» **TASK DESCRIPTION**:
Would you output the entries below only from the line containing "1) 명령어 MENULOAD를" through the line containing "The Fender® American", exactly as they stand and with both ends included?

» **DATA FOR THIS TASK**:

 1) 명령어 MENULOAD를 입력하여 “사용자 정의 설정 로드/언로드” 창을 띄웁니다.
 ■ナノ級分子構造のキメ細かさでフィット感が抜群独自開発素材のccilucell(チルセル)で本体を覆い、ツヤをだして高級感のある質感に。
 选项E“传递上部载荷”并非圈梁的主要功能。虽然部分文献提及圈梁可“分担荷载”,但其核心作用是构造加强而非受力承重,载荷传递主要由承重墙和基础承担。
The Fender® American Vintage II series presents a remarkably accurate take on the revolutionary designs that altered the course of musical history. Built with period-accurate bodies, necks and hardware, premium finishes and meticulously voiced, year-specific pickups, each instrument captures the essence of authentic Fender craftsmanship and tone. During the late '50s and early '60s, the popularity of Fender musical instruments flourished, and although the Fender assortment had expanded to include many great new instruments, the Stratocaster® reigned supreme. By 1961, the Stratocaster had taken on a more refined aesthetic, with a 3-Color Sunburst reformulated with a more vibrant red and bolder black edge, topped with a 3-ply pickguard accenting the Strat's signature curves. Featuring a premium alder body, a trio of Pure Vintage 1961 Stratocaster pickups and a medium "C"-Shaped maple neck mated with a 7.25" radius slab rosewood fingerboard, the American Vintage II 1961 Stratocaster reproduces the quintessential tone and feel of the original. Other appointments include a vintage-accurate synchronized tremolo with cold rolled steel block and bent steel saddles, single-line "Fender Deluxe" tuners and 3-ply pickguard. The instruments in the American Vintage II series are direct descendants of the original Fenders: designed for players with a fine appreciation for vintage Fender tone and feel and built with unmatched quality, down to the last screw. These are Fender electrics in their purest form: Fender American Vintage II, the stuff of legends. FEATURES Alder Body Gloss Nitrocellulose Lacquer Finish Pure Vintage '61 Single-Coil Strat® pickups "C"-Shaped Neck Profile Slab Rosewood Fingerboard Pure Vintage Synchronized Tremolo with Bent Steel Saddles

* * *

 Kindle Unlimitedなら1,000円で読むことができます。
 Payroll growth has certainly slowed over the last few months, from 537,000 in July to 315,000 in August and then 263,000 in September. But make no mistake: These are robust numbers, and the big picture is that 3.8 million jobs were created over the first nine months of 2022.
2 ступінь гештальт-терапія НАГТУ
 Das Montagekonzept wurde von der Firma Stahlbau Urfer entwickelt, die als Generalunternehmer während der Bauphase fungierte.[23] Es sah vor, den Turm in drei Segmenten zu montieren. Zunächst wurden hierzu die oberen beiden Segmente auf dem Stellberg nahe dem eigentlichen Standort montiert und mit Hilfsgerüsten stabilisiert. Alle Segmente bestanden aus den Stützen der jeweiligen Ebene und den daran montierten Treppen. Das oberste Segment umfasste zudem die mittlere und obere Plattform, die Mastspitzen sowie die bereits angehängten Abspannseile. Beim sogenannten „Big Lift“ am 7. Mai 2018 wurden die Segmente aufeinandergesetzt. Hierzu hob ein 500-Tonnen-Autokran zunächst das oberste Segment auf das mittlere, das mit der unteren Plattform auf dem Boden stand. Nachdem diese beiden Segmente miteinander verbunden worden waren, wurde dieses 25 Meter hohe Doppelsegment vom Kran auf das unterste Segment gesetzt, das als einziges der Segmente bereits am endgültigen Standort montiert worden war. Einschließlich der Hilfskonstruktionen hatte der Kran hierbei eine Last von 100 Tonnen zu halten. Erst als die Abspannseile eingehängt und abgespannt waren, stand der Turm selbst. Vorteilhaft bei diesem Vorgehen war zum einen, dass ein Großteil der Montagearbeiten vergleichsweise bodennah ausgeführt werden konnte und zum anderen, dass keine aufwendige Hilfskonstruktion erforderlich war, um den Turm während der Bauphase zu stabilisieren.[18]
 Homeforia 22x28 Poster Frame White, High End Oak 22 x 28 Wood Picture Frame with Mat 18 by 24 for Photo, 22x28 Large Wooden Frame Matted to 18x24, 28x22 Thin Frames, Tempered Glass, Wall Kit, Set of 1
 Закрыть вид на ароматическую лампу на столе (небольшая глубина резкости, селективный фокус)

» **ANSWER FOR THIS EXERCISE**:
 1) 명령어 MENULOAD를 입력하여 “사용자 정의 설정 로드/언로드” 창을 띄웁니다.
 ■ナノ級分子構造のキメ細かさでフィット感が抜群独自開発素材のccilucell(チルセル)で本体を覆い、ツヤをだして高級感のある質感に。
 选项E“传递上部载荷”并非圈梁的主要功能。虽然部分文献提及圈梁可“分担荷载”,但其核心作用是构造加强而非受力承重,载荷传递主要由承重墙和基础承担。
The Fender® American Vintage II series presents a remarkably accurate take on the revolutionary designs that altered the course of musical history. Built with period-accurate bodies, necks and hardware, premium finishes and meticulously voiced, year-specific pickups, each instrument captures the essence of authentic Fender craftsmanship and tone. During the late '50s and early '60s, the popularity of Fender musical instruments flourished, and although the Fender assortment had expanded to include many great new instruments, the Stratocaster® reigned supreme. By 1961, the Stratocaster had taken on a more refined aesthetic, with a 3-Color Sunburst reformulated with a more vibrant red and bolder black edge, topped with a 3-ply pickguard accenting the Strat's signature curves. Featuring a premium alder body, a trio of Pure Vintage 1961 Stratocaster pickups and a medium "C"-Shaped maple neck mated with a 7.25" radius slab rosewood fingerboard, the American Vintage II 1961 Stratocaster reproduces the quintessential tone and feel of the original. Other appointments include a vintage-accurate synchronized tremolo with cold rolled steel block and bent steel saddles, single-line "Fender Deluxe" tuners and 3-ply pickguard. The instruments in the American Vintage II series are direct descendants of the original Fenders: designed for players with a fine appreciation for vintage Fender tone and feel and built with unmatched quality, down to the last screw. These are Fender electrics in their purest form: Fender American Vintage II, the stuff of legends. FEATURES Alder Body Gloss Nitrocellulose Lacquer Finish Pure Vintage '61 Single-Coil Strat® pickups "C"-Shaped Neck Profile Slab Rosewood Fingerboard Pure Vintage Synchronized Tremolo with Bent Steel Saddles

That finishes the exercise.